## What you will do
Repeat only the lines below from the one containing "낮은울타리 미주본부(대표간사 : 조희창" through the one containing "井藤漢方製薬株式会社は、この", inclusive, exactly as written.

═══ Material for this exercise

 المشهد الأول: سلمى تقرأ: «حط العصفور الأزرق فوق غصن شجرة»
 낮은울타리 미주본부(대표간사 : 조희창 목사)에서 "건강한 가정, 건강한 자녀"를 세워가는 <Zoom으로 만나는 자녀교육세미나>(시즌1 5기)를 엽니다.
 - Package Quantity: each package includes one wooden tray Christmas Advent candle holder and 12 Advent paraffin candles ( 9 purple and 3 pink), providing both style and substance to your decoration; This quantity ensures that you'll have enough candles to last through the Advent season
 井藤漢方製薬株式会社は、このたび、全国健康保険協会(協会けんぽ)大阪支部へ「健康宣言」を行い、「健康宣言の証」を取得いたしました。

══════
═══ Material for this exercise

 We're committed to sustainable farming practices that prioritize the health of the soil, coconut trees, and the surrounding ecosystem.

══════

## Response area
 낮은울타리 미주본부(대표간사 : 조희창 목사)에서 "건강한 가정, 건강한 자녀"를 세워가는 <Zoom으로 만나는 자녀교육세미나>(시즌1 5기)를 엽니다.
 - Package Quantity: each package includes one wooden tray Christmas Advent candle holder and 12 Advent paraffin candles ( 9 purple and 3 pink), providing both style and substance to your decoration; This quantity ensures that you'll have enough candles to last through the Advent season
 井藤漢方製薬株式会社は、このたび、全国健康保険協会(協会けんぽ)大阪支部へ「健康宣言」を行い、「健康宣言の証」を取得いたしました。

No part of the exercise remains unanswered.